Unnamed: 0,InvoiceNo,StockCode,Description,Quantity,InvoiceDate,UnitPrice,CustomerID,Country
0,536365,85123A,WHITE HANGING HEART T-LIGHT HOLDER,6,2010-12-01 08:26:00,2.55,17850.0,United Kingdom
1,536365,71053,WHITE METAL LANTERN,6,2010-12-01 08:26:00,3.39,17850.0,United Kingdom
2,536365,84406B,CREAM CUPID HEARTS COAT HANGER,8,2010-12-01 08:26:00,2.75,17850.0,United Kingdom
3,536365,84029G,KNITTED UNION FLAG HOT WATER BOTTLE,6,2010-12-01 08:26:00,3.39,17850.0,United Kingdom
4,536365,84029E,RED WOOLLY HOTTIE WHITE HEART.,6,2010-12-01 08:26:00,3.39,17850.0,United Kingdom
...,...,...,...,...,...,...,...,...
541904,581587,22613,PACK OF 20 SPACEBOY NAPKINS,12,2011-12-09 12:50:00,0.85,12680.0,France
541905,581587,22899,CHILDREN'S APRON DOLLY GIRL,6,2011-12-09 12:50:00,2.10,12680.0,France
541906,581587,23254,CHILDRENS CUTLERY DOLLY GIRL,4,2011-12-09 12:50:00,4.15,12680.0,France
541907,581587,23255,CHILDRENS CUTLERY CIRCUS PARADE,4,2011-12-09 12:50:00,4.15,12680.0,France


The output of this method is a new DataFrame that contains unique records where only the first occurrence of duplicates has been kept. If you want to replace the existing DataFrame rather than getting a new DataFrame, you need to use the inplace=True parameter.

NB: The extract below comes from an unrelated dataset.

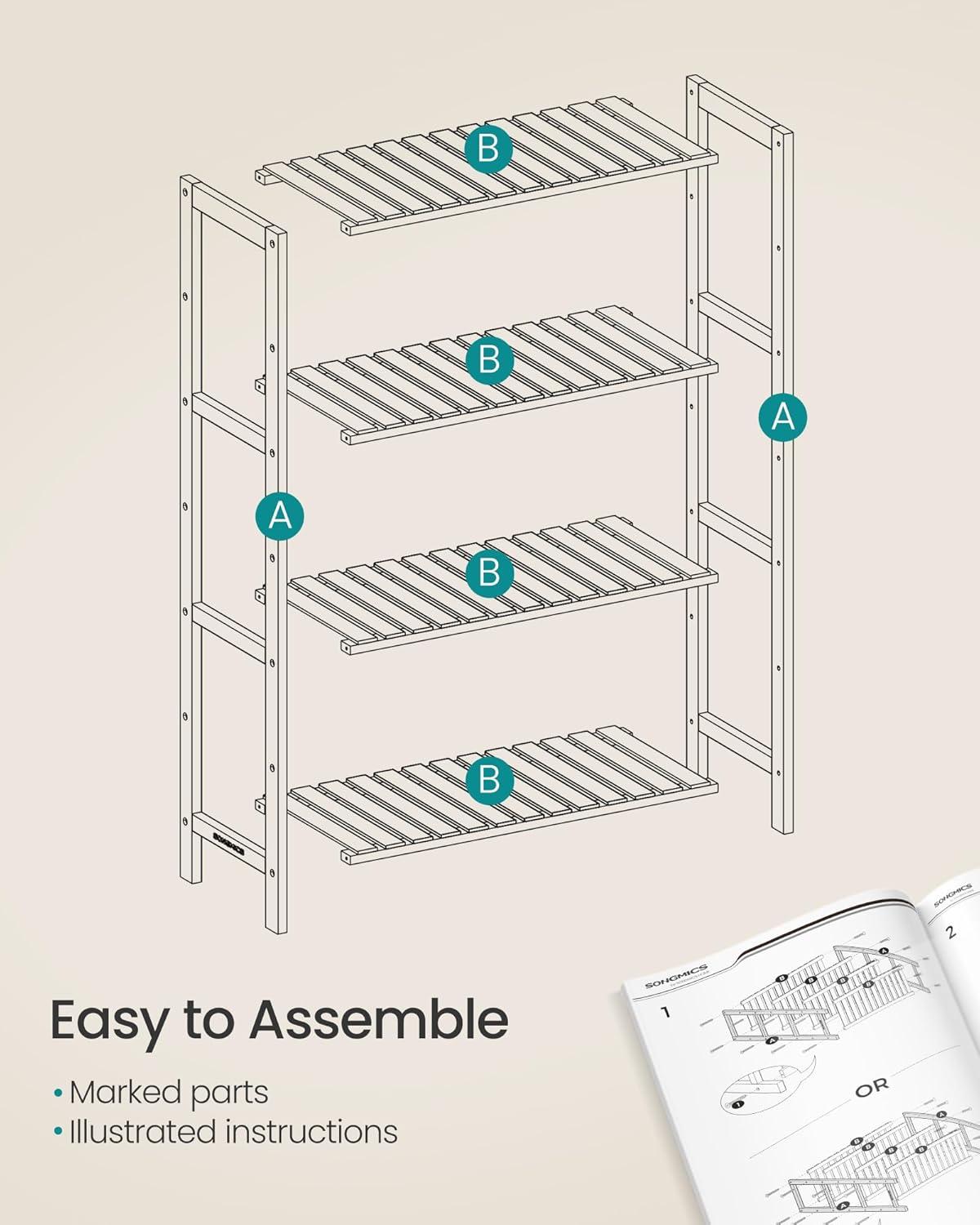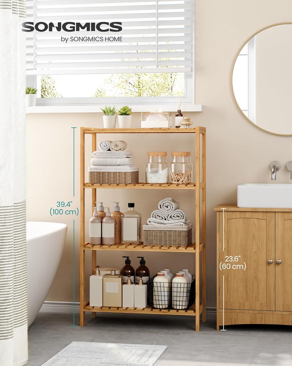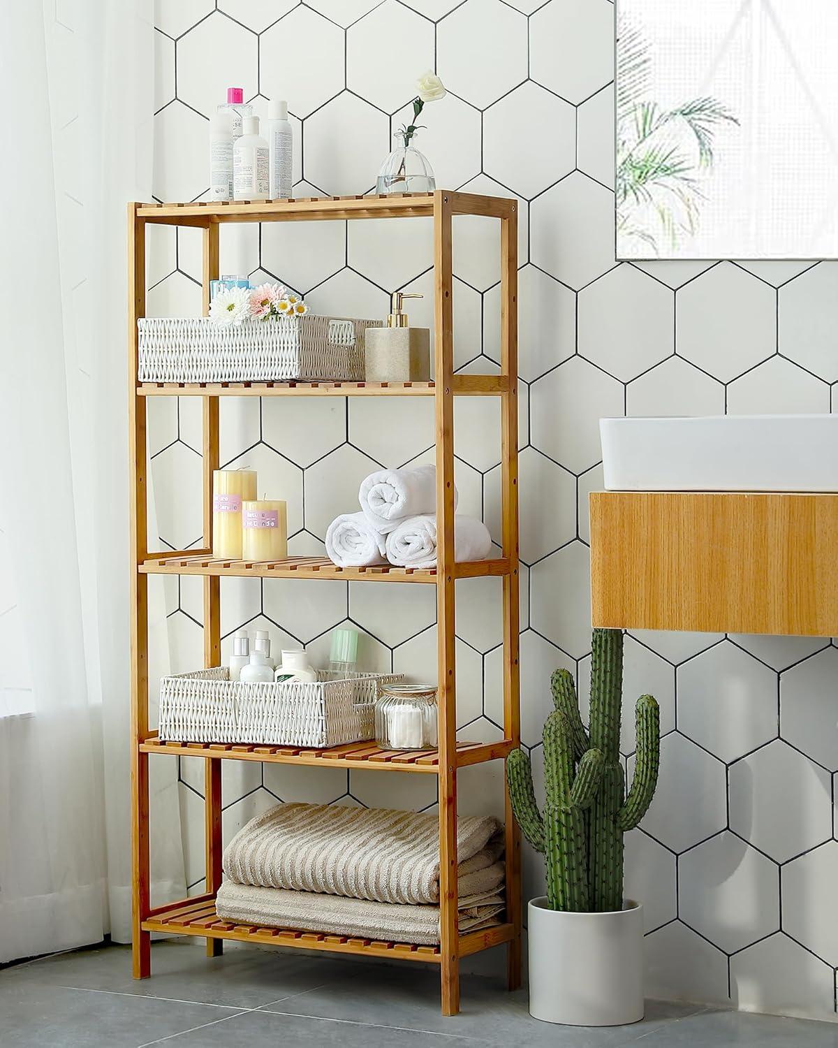 Space-Saving: Measuring 13″D x 13″W x 57.5″H, this bamboo shelf occupies a small footprint yet offers ample vertical storage, making it the perfect choice for small spaces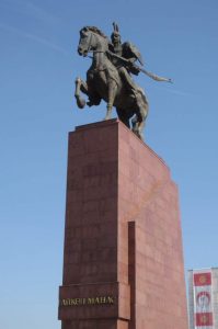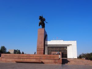 その後は 自由の女神像が置かれていたが 2011年 独立20周年を記念してマナス王像に建て替えられた

The drop_duplicates() and duplicated() methods also have another very useful parameter: subset. This parameter allows you to specify the list of columns to consider while looking for duplicates. By default, all the columns of a DataFrame are used to find duplicate rows. Let's see how many duplicate rows there are while only looking at the InvoiceNo, StockCode, invoiceDate, and CustomerID columns

In [16]:
df.duplicated(subset=['InvoiceNo', 'StockCode', 'InvoiceDate', 'CustomerID'], keep='first').sum()

10677

By looking only at these four columns instead of all of them, we can see that the number of duplicate rows has increased from 5268 to 10677. This means that there are rows that have the exact same values as these four columns but have different values in other columns, which means they may be different records. In this case, it is better to use all the columns to identify duplicate records.